**To do**.
No pictures belong in the copy. Set down exactly the lines from the one that contains "飾りつけや設置、撤去作業など" through the end of the data.

Data entries:
-=-=-

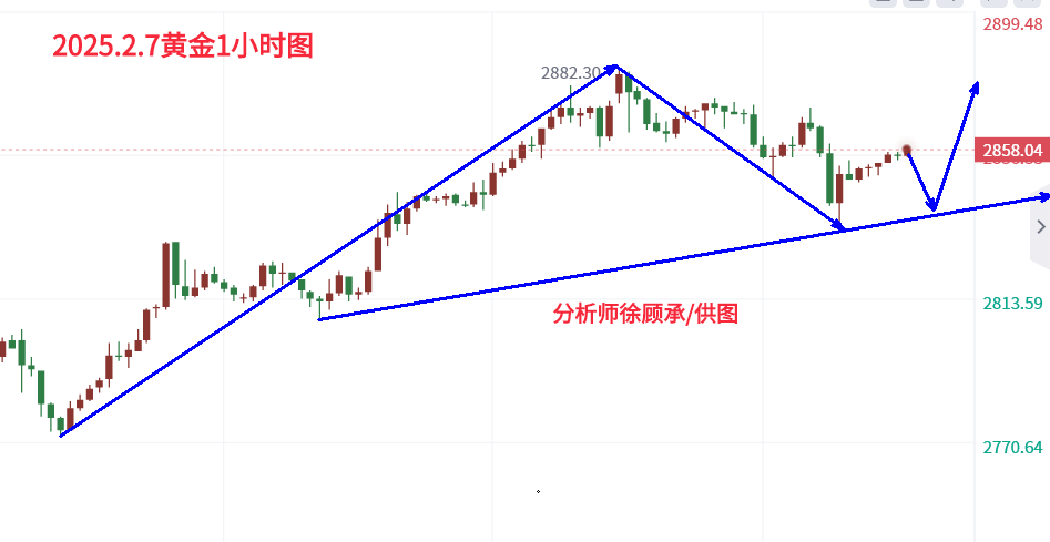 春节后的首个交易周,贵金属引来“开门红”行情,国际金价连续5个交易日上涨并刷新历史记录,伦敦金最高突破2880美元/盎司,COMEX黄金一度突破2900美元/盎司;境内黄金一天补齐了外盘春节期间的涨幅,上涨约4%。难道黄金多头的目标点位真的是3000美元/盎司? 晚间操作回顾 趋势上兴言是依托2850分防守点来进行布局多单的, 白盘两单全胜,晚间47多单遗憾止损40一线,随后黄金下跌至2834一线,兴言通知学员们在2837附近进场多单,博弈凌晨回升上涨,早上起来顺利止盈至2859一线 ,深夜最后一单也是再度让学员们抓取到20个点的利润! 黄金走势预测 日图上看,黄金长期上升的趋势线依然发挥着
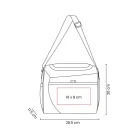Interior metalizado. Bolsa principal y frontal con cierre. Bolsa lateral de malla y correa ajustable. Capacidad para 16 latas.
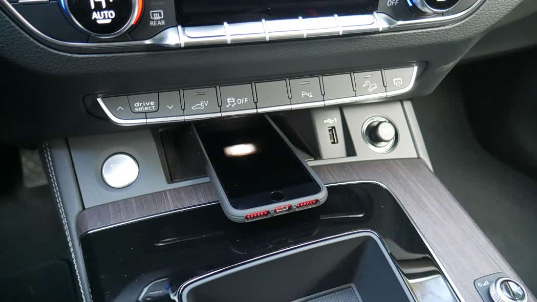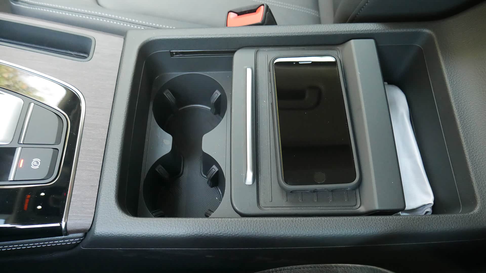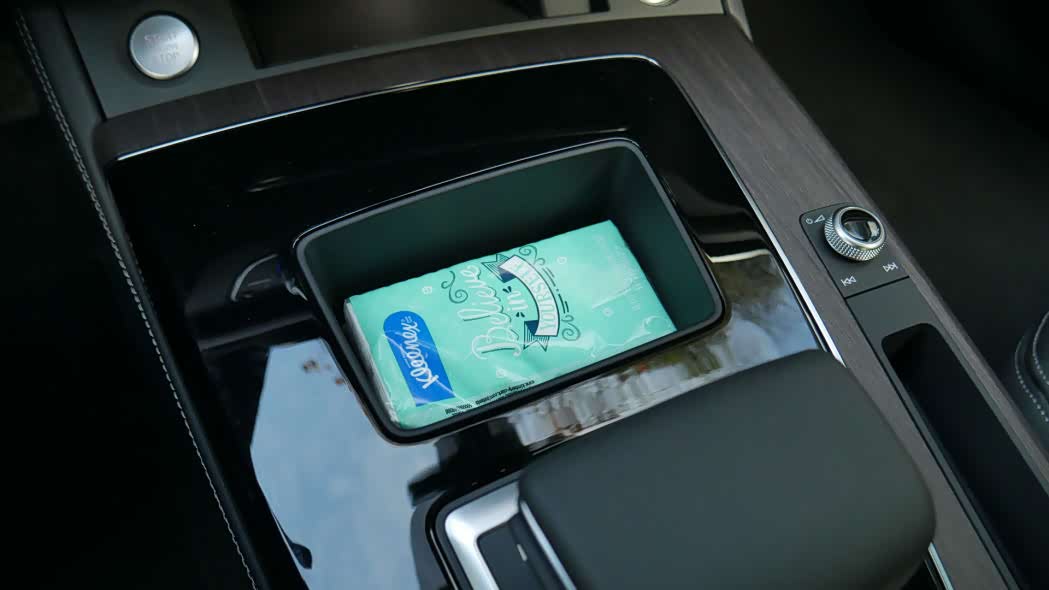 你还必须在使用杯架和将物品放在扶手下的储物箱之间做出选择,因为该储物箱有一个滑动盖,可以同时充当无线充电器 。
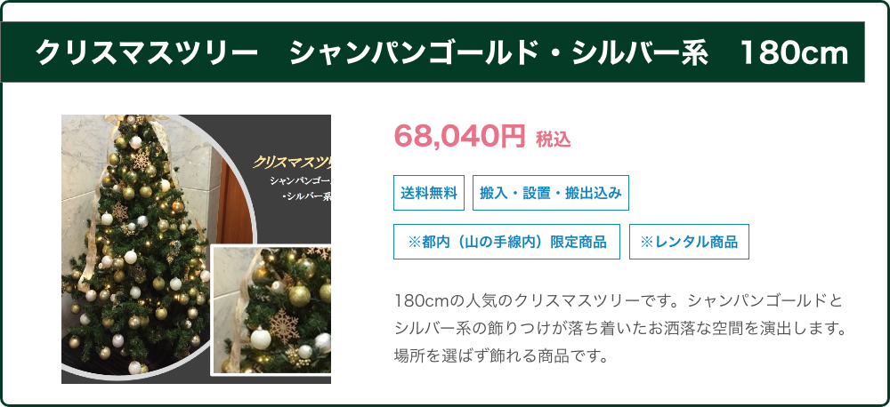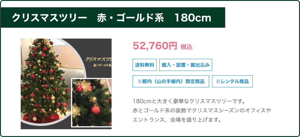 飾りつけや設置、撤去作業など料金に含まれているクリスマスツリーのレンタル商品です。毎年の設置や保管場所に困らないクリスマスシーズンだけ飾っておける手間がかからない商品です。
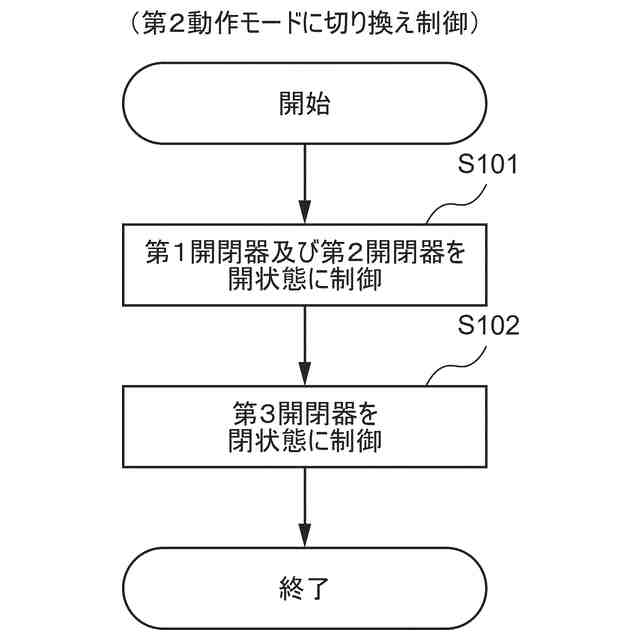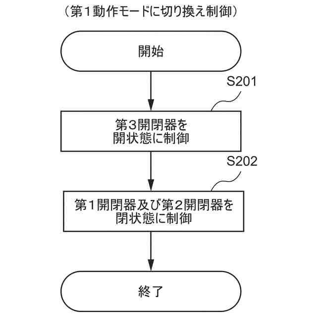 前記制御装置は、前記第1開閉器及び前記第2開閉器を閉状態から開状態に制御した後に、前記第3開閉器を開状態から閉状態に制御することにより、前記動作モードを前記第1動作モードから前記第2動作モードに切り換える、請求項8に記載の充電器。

-=-=-

**Result below**.
 飾りつけや設置、撤去作業など料金に含まれているクリスマスツリーのレンタル商品です。毎年の設置や保管場所に困らないクリスマスシーズンだけ飾っておける手間がかからない商品です。
 前記制御装置は、前記第1開閉器及び前記第2開閉器を閉状態から開状態に制御した後に、前記第3開閉器を開状態から閉状態に制御することにより、前記動作モードを前記第1動作モードから前記第2動作モードに切り換える、請求項8に記載の充電器。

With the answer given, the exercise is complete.